If you want to give homemade baby food a try, check back next week for the second post in my baby food series, where I talk you through the entire process of making your own cheap, fast, easy, organic baby food at home. And remember those horrible tasting commercial jars? The baby food you make at home tastes just like, well, food.

11 comments:

Gini said...

GREAT post! I have known for years that I was going to make my own baby food. I'm trying to get pregnant now, so your information is going to be highly valuable to me in the sort-of-near future. :) Thank you! (and thank your little one too)

Erin said...

Gini: Congrats on reaching that stage in your life! Best of luck with your efforts to get pregnant. It is a wonderful (though occasionally uncomfortable) and wild ride. Glad to hear you liked the post.

diva@ The Sugar Bar said...

amazing post. very informative. and now i'm feeling quite relieved and fortunate that my mum didn't really put us on baby food. home-cooked, mother-prepared foods all the way.

Amber said...

Don't those fillers have to be put on the ingredient label? When I pick up a jar of say, green beans, the ingredients are: green beans, water.

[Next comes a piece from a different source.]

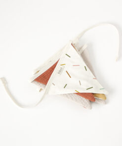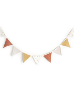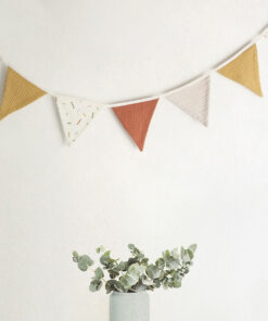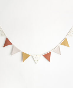 Verleihe dem Kinderzimmer oder deinem Zuhause mit der BIBAK Wimpelkette aus Stoff (Restenverwertung) | Sticks EARTH eine besondere Note. Diese Girlande besteht aus Stoffwimpeln und bringt mit ihrem natürlichen Design eine warme und einladende Atmosphäre in jeden Raum. Die Wimpel werden aus den Reststoffen der Produktion der Bibak Kollektion hergestellt.
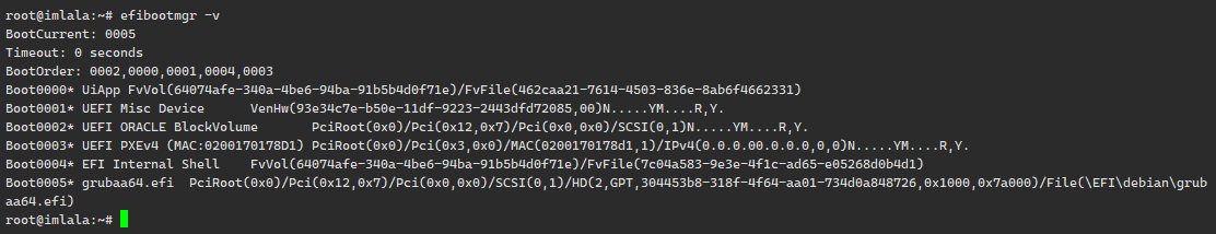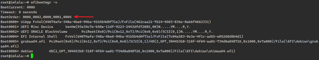 机子引导成功了,连上了用efibootmgr看一下,发现启动顺序不对,启动项也没:

Since ingredient labels are required to list the ingredients from most to least, I could assume that the jar is at least 51% green beans and at most 49% water. Am I just missing something because I haven't yet moved to mixed flavors?

Erin said...

Amber: yes, it is my understanding that all ingredients have to be listed and listed in descending order of quantity of content. The report indicates that roughly half of all the jars contain fillers even when the "name" does not indicate they have starchy fillers. But yes, it is correct that you certainly may have a jar of green beans with only beans and water. If you are interested you can look into the data of the report first hand.

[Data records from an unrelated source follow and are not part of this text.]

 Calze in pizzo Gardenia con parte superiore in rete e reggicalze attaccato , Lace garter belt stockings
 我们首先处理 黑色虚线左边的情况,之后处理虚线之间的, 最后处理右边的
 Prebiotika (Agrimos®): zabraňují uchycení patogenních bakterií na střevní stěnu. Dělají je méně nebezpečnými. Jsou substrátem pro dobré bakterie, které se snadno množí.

Even where there are no starchy fillers, the quantity of water used can also dilute the nutrients contained. All brands will include some water, as will most things you make at home (at first when making Stage 1 foods). Different brands used different amounts of water, suggesting that there is no single scientifically based standard of proportion of water based on "good medicine" but that we might have to consider profit as a motive.

Indreni said...

Thanks for the post! I enjoy making baby food at home--it is pretty easy and basic, and my son seems to like it a lot better than the jarred stuff. When I don't have time to make it myself, Earth's Best Organic makes some nice options, like the peas and brown rice, and lentils and rice.

Anonymous said...

One additional note on water content -- when you make your food at home and are trying to thin a puree, you can use the same water used to steam the veggies/fruits, which will contain nutrients leached in the steaming process.

Olga said...

One great article! I loved reading it. I have a baby boy who's six months old, and I feed him with home made purees. It's so easy, anything that I cook for him I just use our blender to make a puree and he loves it. There really isn't anything complicated in preparing food for babies :) Will be waiting for you next articles to see if I can learn anything :)

Anonymous said...

It's funny how most people, when asked, will claim that they are immune to the effects of advertising. Yet, when shopping for something for baby to eat, they will usually just pick up what is conveniently labelled "baby food," thus proving that no, they really can't think for themselves. Hopefully more people will start to think about what actually goes into processed baby (and grownup) foods and consider whether all those additives and nutritional deficiencies are really worth the price of convenience. Eating quality food is the most important proactive thing you can do for your health, and of course your child's.

Caroline said...

Thank you. My baby is getting ready to start his first food. I am planning to make all of his food. Your research is extremely helpful to me, a concerned parent.

Cooking Canuck said...

My second daughter is 4 months old and I will be making my baby food once more. I could not feed my kid something that smelled like canned cat food... after reading this even more reason not to.